I have two files. I want to exclude anything that is in file 2 from file 1.

Example)

File #1 - List of 500 domain names

domain1
domain2
domain3
etc..

File #2 - Alexa's Top 1,000,000 domain names

domain1
domain2
domain3
etc..

I would think this would work.

cat file1 | grep -v -f file2 > results

This always results in "Killed" for anything over 10k+ in file2.

/var/log/messages shows it runs out of memory. The box has 12GB RAM.

Aug 25 02:21:18 V-RHEL-EM kernel: Out of memory: Kill process 13779 (grep) score 860 or sacrifice child
Aug 25 02:21:18 V-RHEL-EM kernel: Killed process 13779 (grep), UID 0, total-vm:9377064kB, anon-rss:7400368kB, file-rss:0kB, shmem-rss:0kB

Is there a better way to do this?

Jeff Schaller
  • 66,199
  • 35
  • 114
  • 250
poppopretn
  • 33
  • 5
  • `cat` command is useless, directly use `grep ..... file1`. – Prvt_Yadav Aug 25 '19 at 06:48
  • Also, you should be using `-F` because the domain names in file2 are all fixed strings, not regular expressions. – cas Aug 25 '19 at 07:13
  • and see also [Removing lines in LARGE text file containing string found in other LARGE text file - FILES SORTED](https://unix.stackexchange.com/q/376036/7696) – cas Aug 25 '19 at 07:14
  • For me it works fine with 4 GB RAM and option `-F` as @cas suggested. – Cyrus Aug 25 '19 at 07:28
  • if order of output doesn't matter, how about this? `awk 'NR==FNR{a[$0]; next} ($0 in a){delete a[$0]} END{for(k in a) print k}' file1 file2` note that file1 is used first to create an array and any match in file2 will keep removing it from the array and then finally all keys of array is printed – Sundeep Aug 25 '19 at 08:36
  • you can also use `comm -23 file1_sorted file2_sorted` where you use `sort` to first create sorted versions and then use `comm`, but I think the `awk` one can easily handle larger file2 as it depends on file1 size, not file2 – Sundeep Aug 25 '19 at 08:40
  • 1
    I voted to reopen. This is not an exact dupe as the linked solution does not address the _exclusion_ (`-v`) of lines. Also, it does not `grep` for whole lines (`-x`). Imagine `domain1.com` in file1 and `domain1.co` in file2. – Freddy Aug 25 '19 at 09:21

1 Answers1

2

Since you are working with fixed strings, add the -F flag and to match whole lines, add the -x flag. You don't need cat here, grep can be used with a file argument.

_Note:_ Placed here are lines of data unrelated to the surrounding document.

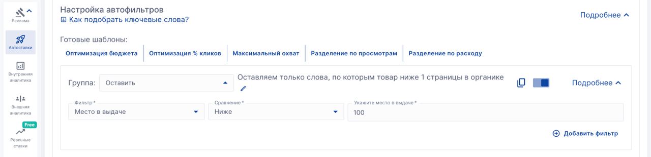 ⬇️Как быть? Используйте фильтр «Место в выдаче», чтобы не переплачивать за ключи по которым вы уже в топе органически!
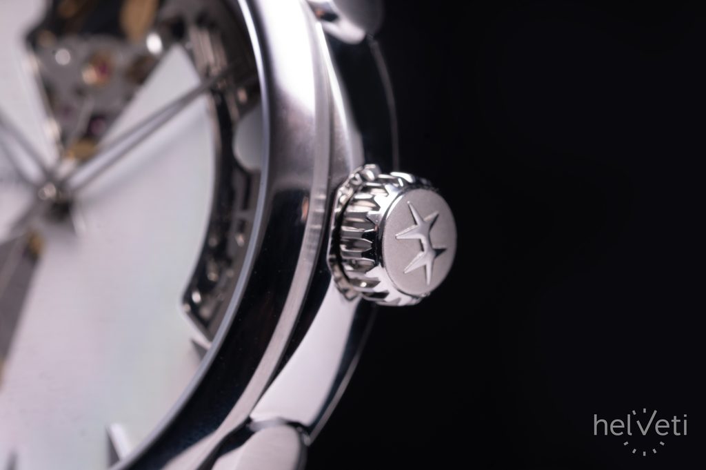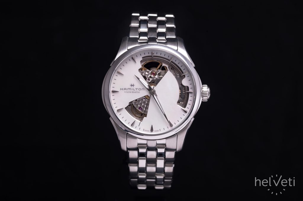 The Hamilton Jazzmaster Open Heart Lady Auto H32215190 is part of the Jazzmaster range and its elegant design makes it suitable for a special occasion in company, but at ease for everyday wear. Thanks to the Open Heart, the model provides a see-through dial on the flywheel.
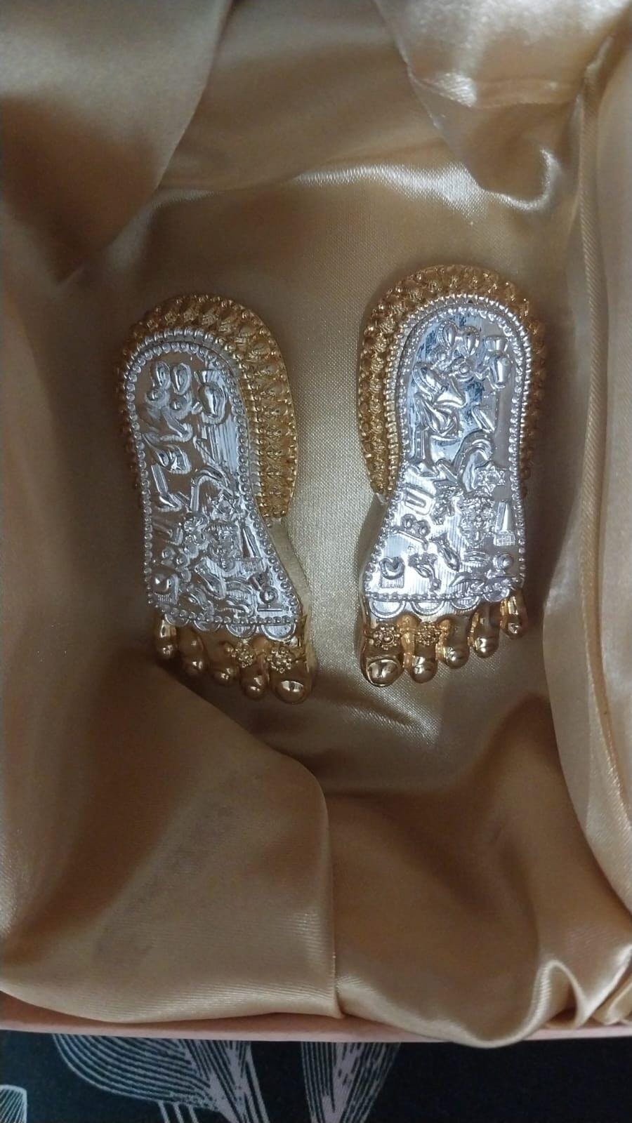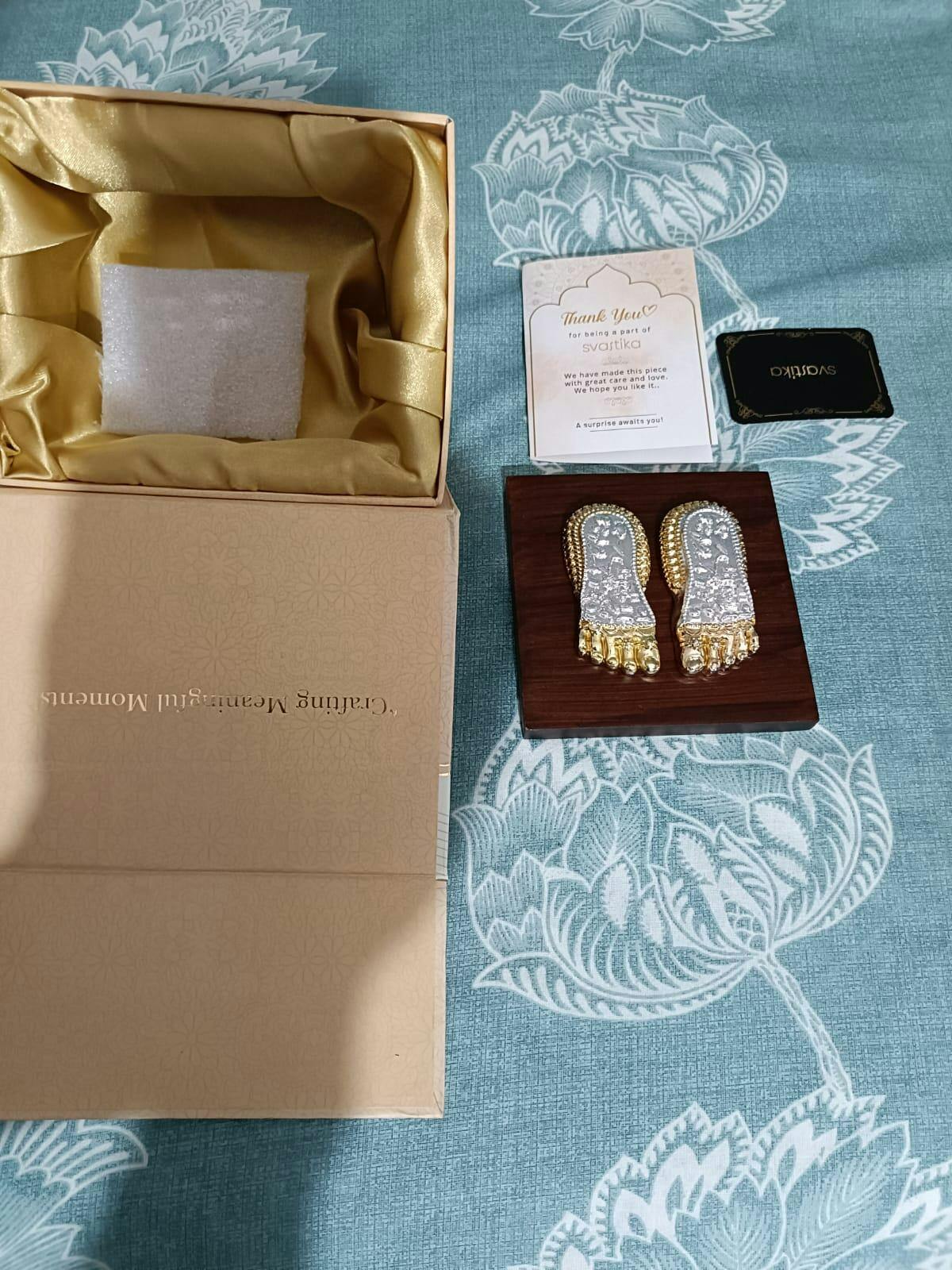 Ideal for festive occasions or as a meaningful return gift during weddings, this laxmi charan paduka is more than an ornament it’s a heartfelt invitation for blessings to flow. Feel the sacred presence of Maa Laxmi feet in your home and let her grace bring you prosperity, joy, and spiritual fulfillment.

grep -F -x -v -f file2 file1 > results


You could split file2 into N parts, run grep on each part and use the result as input file for the next run:
# split file2 into N=4 parts file2.00 file2.01 file2.02 file2.03
split -nl/4 -d file2 file2.

# use results as input file
cp file1 results

for f2 in file2.??; do
        grep -F -x -v -f "$f2" results > rtemp && mv rtemp results
done

# cleanup
rm file2.??

Adjust N=4 as needed.

Freddy
  • 25,172
  • 1
  • 21
  • 60